Morávamos no campo, isolados de outras pessoas. Nosso senso de papéis de gênero foi aprendido de nossos pais, da maneira como os vimos se comportar. Meu irmão e eu lembramos da nossa confusão sobre gênero. Na realidade, eu era mais forte e mais violenta do que meu irmão, o que aprendemos rapidamente que era ruim. E ele era um garoto gentil e pacífico, o que descobrimos que era muito ruim. Embora muitas vezes ficássemos confusos, sabíamos com certeza um fato: não podíamos ser e agir da maneira que desejávamos, fazendo o que queríamos. Ficou claro para nós que nosso comportamento tinha que seguir um roteiro predeterminado e baseado no gênero.

Nós dois aprendemos a palavra “patriarcado” em nossa vida adulta, quando aprendemos que o roteiro que determinava o que deveríamos ser, as identidades que deveríamos criar, era baseado em valores e crenças patriarcais sobre gênero.

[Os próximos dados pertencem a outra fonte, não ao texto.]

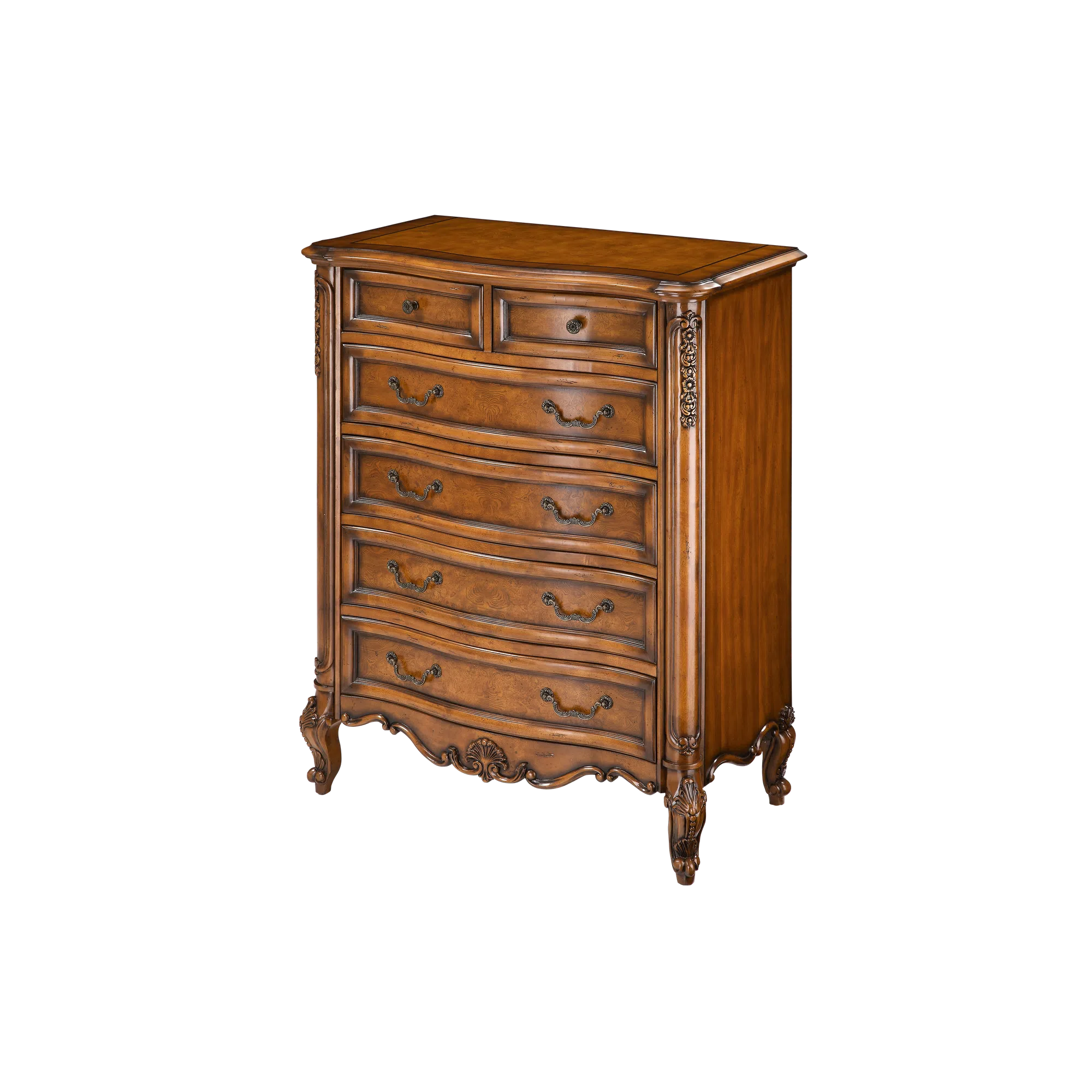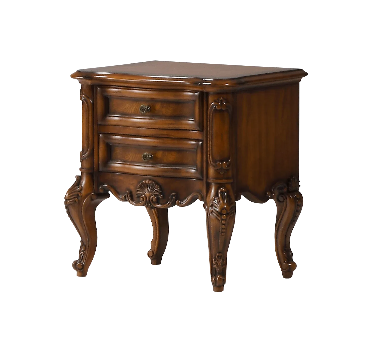 Мягко изогнутые ножки изделия, украшенные филигранными резными деталями, образуют основу, на которую опирается ровная, прочная верхняя панель. Два просторных выдвижных ящика, оснащённых изящными металлическими ручками, предоставляют достаточно места для ваших вещей, создавая функциональность без ущерба для элегантности.

Eu sempre estava mais interessada em desafiar o patriarcado do que meu irmão, porque era o sistema que sempre me deixava de fora das coisas que eu queria fazer parte. Na vida familiar dos anos 1950, as bolas de gude eram um jogo de meninos. Meu irmão herdara suas bolinhas de gude dos homens da família; ele tinha uma caixa de lata para guardá-las. Todos os tamanhos e formas, maravilhosamente coloridas, eram para mim os objetos mais bonitos. Jogamos junto com eles, muitas vezes comigo agarrando-se agressivamente a bolinha que eu mais gostava, recusando-se a compartilhar. Quando papai estava no trabalho, nossa mãe, que era dona de casa, ficou contente em nos ver jogando bolinhas de gude juntos. No entanto, papai, olhando para nossa brincadeira de uma perspectiva patriarcal, ficou perturbado com o que viu. Sua filha, agressiva e competitiva, era uma jogadora melhor que seu filho. Seu filho era passivo; o garoto realmente não parecia se importar com quem ganhou e estava disposto a ceder bolas de gude. Papai decidiu que essa brincadeira tinha que terminar, que eu e meu irmão precisávamos aprender uma lição sobre papéis apropriados de gênero.

Uma noite, meu irmão recebeu permissão de papai para trazer a lata de bolinhas de gude. Anunciei meu desejo de brincar e meu irmão me disse que “as meninas não brincavam com bolinhas de gude”, que era um jogo de meninos. Isso não fazia sentido para minha mente de quatro ou cinco anos e eu insisti no meu direito de jogar pegando bolas de gude e as jogando. Papai interveio para me dizer para parar. Eu não escutei. Sua voz ficou cada vez mais alta. Então, de repente, ele me pegou, quebrou uma tábua da nossa porta de tela e começou a me bater, dizendo: “Você é apenas uma garotinha. Quando digo para você fazer alguma coisa, quero que você faça. Ele me bateu e me bateu, querendo que eu reconhecesse que eu entendi o que havia feito. Sua raiva, sua violência capturaram a atenção de todos. Nossa família focou em observar, arrebatada diante da pornografia da violência patriarcal. Depois dessa surra, fui banida — forçada a ficar sozinha no escuro. Mamãe entrou no quarto para aliviar a dor, me dizendo com sua voz suave do Sul: — Tentei avisar você. Você precisa aceitar que é apenas uma garotinha e as garotas não podem fazer o que os meninos fazem.” A serviço do patriarcado, sua tarefa era reforçar que papai fizera a coisa certa, colocando-me no meu lugar, restaurando a ordem social natural.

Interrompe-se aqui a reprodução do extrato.